Climbers is a literary novel by the British author M. John Harrison. First published in 1989 and apparently set several years earlier, the book had been out of print for several years but was reissued in paperback by Phoenix in 2004. It has attracted considerable critical acclaim and won the Boardman Tasker Prize for Mountain Literature in 1989. It was not, however, universally popular with the British climbing public and received at least one negative review in the popular magazine Climber.
Plot summary
The novel concerns the adventures of “Mike”, who, recovering from a failed marriage, falls in with a clique of hard core northern rock climbers and becomes immersed in an intense and inward looking life style in which climbing is so important that “real life” is all but excluded.
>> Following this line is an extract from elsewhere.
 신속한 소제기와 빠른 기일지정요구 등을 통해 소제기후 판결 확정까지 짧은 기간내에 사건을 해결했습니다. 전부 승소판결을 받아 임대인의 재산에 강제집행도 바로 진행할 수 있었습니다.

Mike is initially fascinated by this rather strange group of people and is in awe of their focus and technical competence on the rock, while their obvious incompetence in more mundane areas of life only seems to increase their glamour. For a while Mike loses himself in this closed little world but in the end seems to become disenchanted with its narrowness.
The overall tone of the book is very much one of disappointment and alienation. The pivotal event is the death of the enigmatic “Sanky” who falls 30 feet from the 5b crux of a climb he has soloed without difficulty many times in the past. His friends cannot believe he has died on an undistinguished climb that was well within his technical competence and seem to have difficulty understanding the obvious fact that a 30-foot ground fall is more likely to result in death than a twisted ankle.
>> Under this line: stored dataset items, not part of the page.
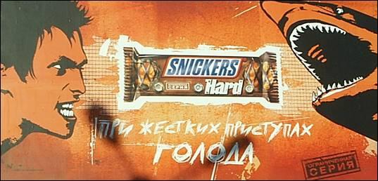 Новый «Сникерс» называется Hard, т.е. «жесткий, твердый». Такое название он получил из-за повышенного содержания орехов. Здесь человек сравнивается с хищником: в данном случае с акулой (есть ещё аналогичная реклама с волком). На плакате человек даже противопоставляется акуле, он конкурирует с ней за право обладать «Сникерсом». Слоган на плакате подтверждает визуальную информацию: При жестких приступах голода.
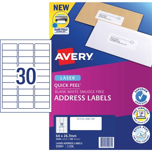 Avery Quick Peel Address Laser White L7158 64x26.7mm 30UP 3000 Labels 100 Sheets
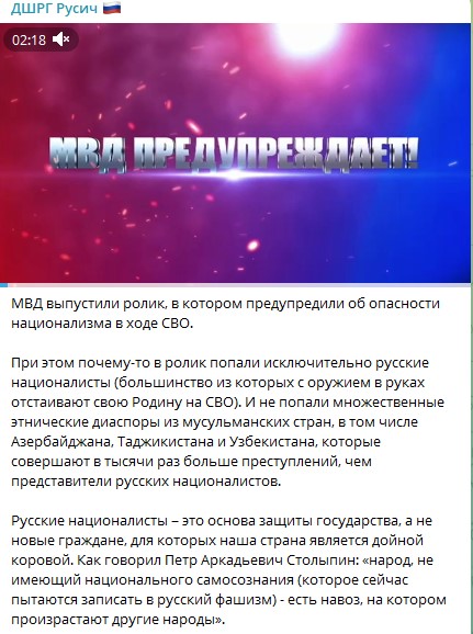Русская община — это не дети, от нечего дела сбившиеся в компании, это 35-45- летние отцы семейств, которые вышли из своих квартир и домов защищать свои семьи и жилища. Заставить отца семейства выйти в чаты, искать единомышленников, оставить тяжким трудом созданный домашний уют и идти на улицу с готовностью столкнуться со среднеазиатскими дикарями может только ситуация чрезвычайная, крайняя, абсолютная. Ситуация, когда домохозяин не видит помощи от родного Министерства внутренних дел и вынужден действовать.

The locations are easily recognisable by anyone who has climbed in the Peak and Pennines.
Harrison does find beauty in this sometimes harsh and occasionally post industrial landscape but in keeping with the general tone of the book his eye is sometimes rather jaundiced. Describing the pleasant view from the top of Stanage Edge he chooses to focus on the cement factory at Hope. Although the story is set in the (mostly) picturesque town of Holmfirth, he devotes his descriptive powers to Lodge's supermarket, the one truly hideous building in the town.
In several interviews Harrison has said that he was pleased with the book.